··· DATA TO USE ···

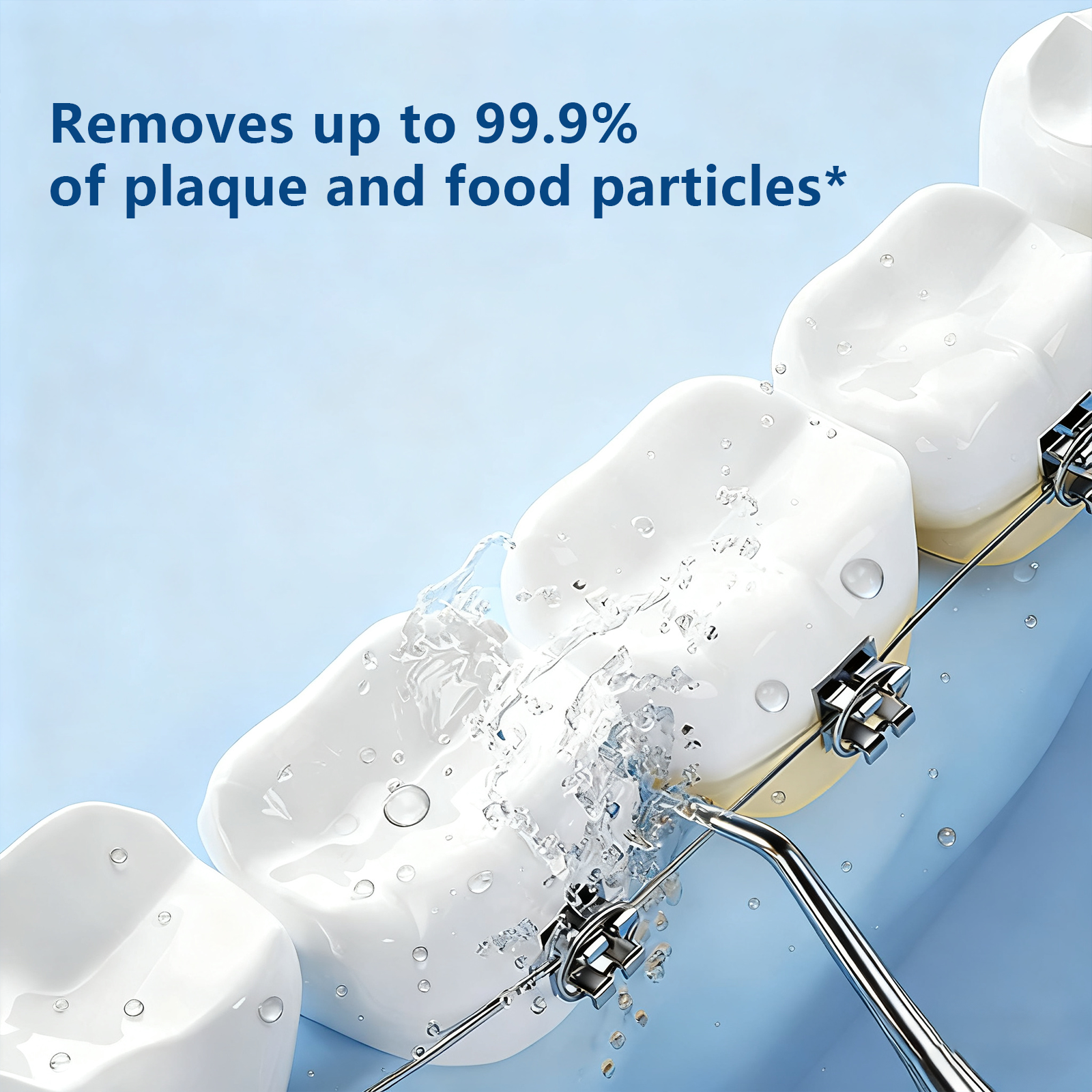 The Smileboxy Water Flosser uses gentle, powerful pulses of water to effectively remove 99.9% of plaque, food particles, and stains – even from areas where traditional dental floss can not reach.
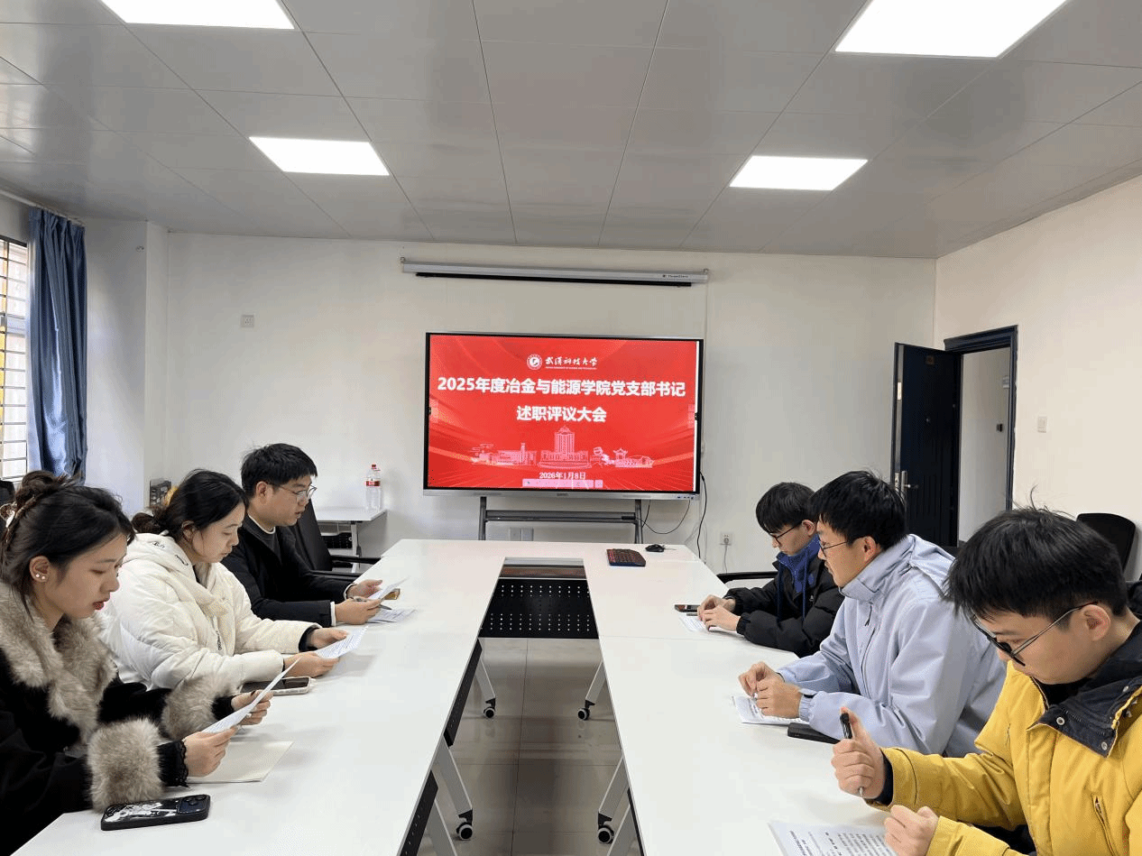述职评议采取现场述职方式开展,研究生冶金工程第一党支部、研究生冶金工程第二党支部等八个员工党支部书记围绕2025年党建具体工作情况,依次进行现场述职,系统总结了上一年度党建重点任务完成情况,重点汇报了落实立德树人根本任务、党支部建设、落实全面从严治党主体责任等工作成效,深入分析了当前工作中存在的短板弱项,并就新一年支部党建工作进行谋划部署。
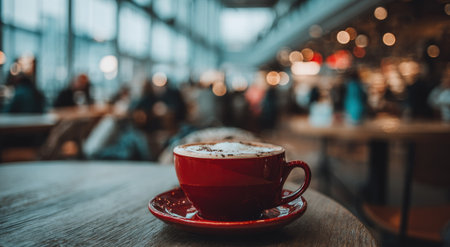 A red coffee cup, filled with cappuccino, sits on a saucer atop a wooden table. The image features a shallow depth of field, with a blurred background suggesting an indoor setting like a cafe or restaurant. Soft lighting and bokeh effects add warmth. Suitable for various commercial and editorial applications.
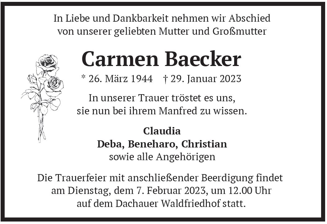 Trauerfeier mit anschließender Beerdigung am Dienstag, dem 7. Februar 2023, um 12:00 Uhr im Dachauer Waldfriedhof.
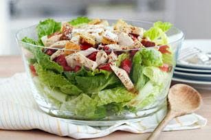 PLACE lettuce in medium serving bowl; top with layers of croutons, chicken and tomato mixture.
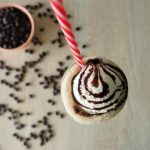 Serving glass mein ice cubes,tayyar cold coffee aur ice cream scoop dal dein aur chocolate syrup dizzle ker ka serve karein.
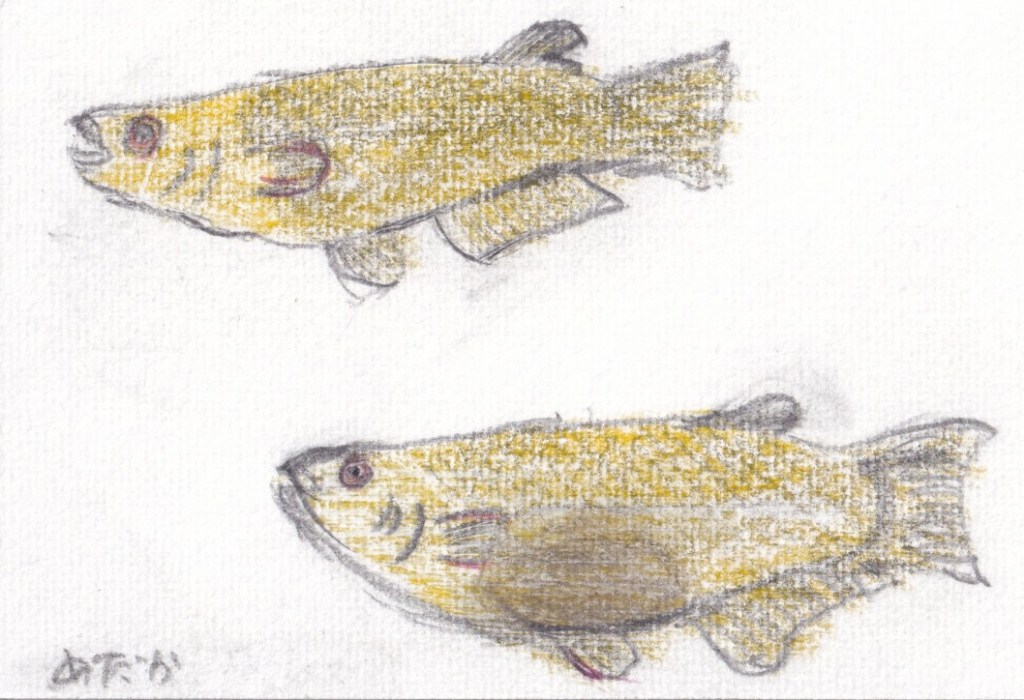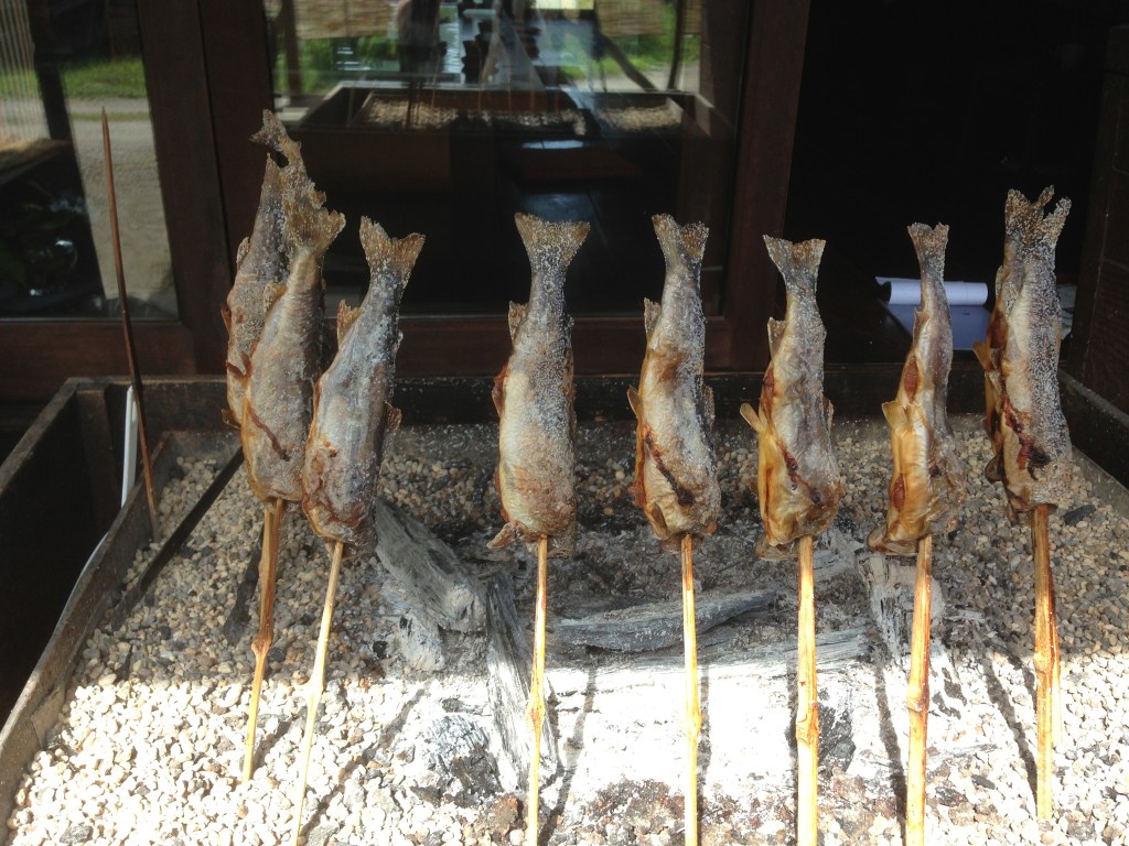 昔の写真。イワナの塩焼き風景は長野か岐阜の売店での撮影。旅行の際に撮影。岸壁、河原でバーベキューしながら、魚採りをしたい。
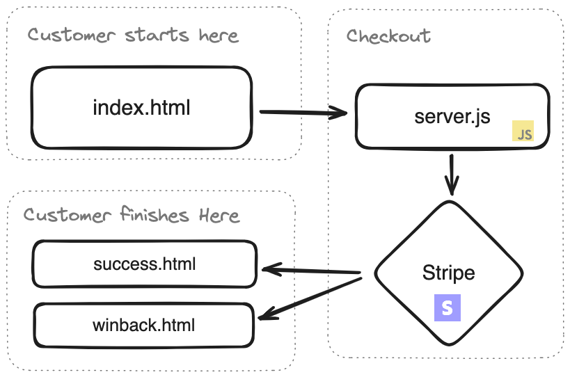 This code uses the stripe sdk to redirect the user to a payment page that is linked with our stripe account (since we used that private key). If they pay successfully, they will get forwarded back to success.html and if they don't complete the payment for any reason they will head to winback.html.
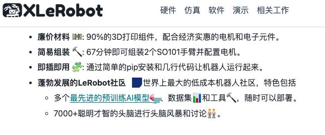 另外,作为机器人,后期还有训练部分,官方也考虑到了,提供了“说明书”。项目主页有从Conda环境配置到机械臂控制的完整教程,还涉及相机可视化调试等内容,技术门槛相对较低。
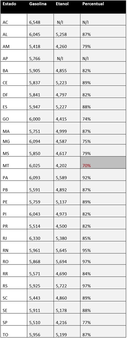 Rio Grande do Sul (R$ 5,722) e Rondônia (R$ 5,694) registraram os maiores preços médios do etanol em junho. Conforme o levantamento, a exemplo do que aconteceu em maio, apenas em Mato Grosso compensa abastecer o veículo com etanol – a opção só é vantajosa quando o litro do derivado da cana-de-açúcar custar 70% (ou menos) do que o litro da gasolina.
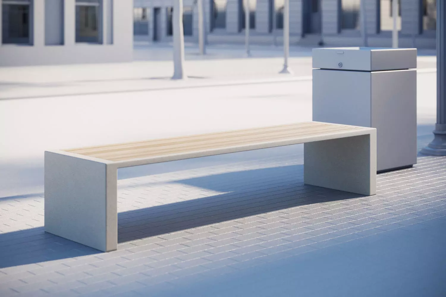 This realistic model includes simple outdoor bech consisting of a wooden seat and two straight side panels.Model prepared for 3d architectural visualisations and other graphic works.
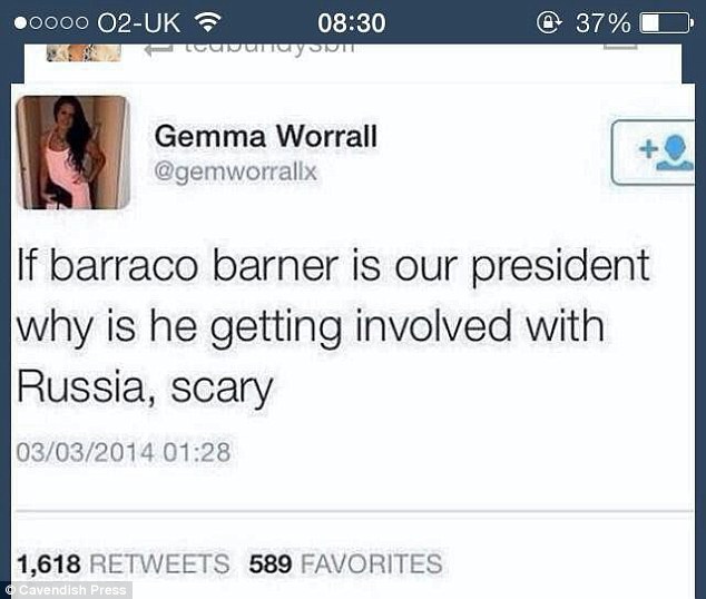 Without pausing to check her facts, or her spelling, Gemma Worrall, 20, wrote: 'If barraco barner is our president, why is he getting involved with Russia, scary.'

···

*TASK TO CARRY OUT*.
Reproduce the data word for word without its images.

*RESPONSE TO THE TASK*.
 The Smileboxy Water Flosser uses gentle, powerful pulses of water to effectively remove 99.9% of plaque, food particles, and stains – even from areas where traditional dental floss can not reach.
述职评议采取现场述职方式开展,研究生冶金工程第一党支部、研究生冶金工程第二党支部等八个员工党支部书记围绕2025年党建具体工作情况,依次进行现场述职,系统总结了上一年度党建重点任务完成情况,重点汇报了落实立德树人根本任务、党支部建设、落实全面从严治党主体责任等工作成效,深入分析了当前工作中存在的短板弱项,并就新一年支部党建工作进行谋划部署。
 A red coffee cup, filled with cappuccino, sits on a saucer atop a wooden table. The image features a shallow depth of field, with a blurred background suggesting an indoor setting like a cafe or restaurant. Soft lighting and bokeh effects add warmth. Suitable for various commercial and editorial applications.
 Trauerfeier mit anschließender Beerdigung am Dienstag, dem 7. Februar 2023, um 12:00 Uhr im Dachauer Waldfriedhof.
 PLACE lettuce in medium serving bowl; top with layers of croutons, chicken and tomato mixture.
 Serving glass mein ice cubes,tayyar cold coffee aur ice cream scoop dal dein aur chocolate syrup dizzle ker ka serve karein.
 昔の写真。イワナの塩焼き風景は長野か岐阜の売店での撮影。旅行の際に撮影。岸壁、河原でバーベキューしながら、魚採りをしたい。
 This code uses the stripe sdk to redirect the user to a payment page that is linked with our stripe account (since we used that private key). If they pay successfully, they will get forwarded back to success.html and if they don't complete the payment for any reason they will head to winback.html.
 另外,作为机器人,后期还有训练部分,官方也考虑到了,提供了“说明书”。项目主页有从Conda环境配置到机械臂控制的完整教程,还涉及相机可视化调试等内容,技术门槛相对较低。
 Rio Grande do Sul (R$ 5,722) e Rondônia (R$ 5,694) registraram os maiores preços médios do etanol em junho. Conforme o levantamento, a exemplo do que aconteceu em maio, apenas em Mato Grosso compensa abastecer o veículo com etanol – a opção só é vantajosa quando o litro do derivado da cana-de-açúcar custar 70% (ou menos) do que o litro da gasolina.
 This realistic model includes simple outdoor bech consisting of a wooden seat and two straight side panels.Model prepared for 3d architectural visualisations and other graphic works.
 Without pausing to check her facts, or her spelling, Gemma Worrall, 20, wrote: 'If barraco barner is our president, why is he getting involved with Russia, scary.'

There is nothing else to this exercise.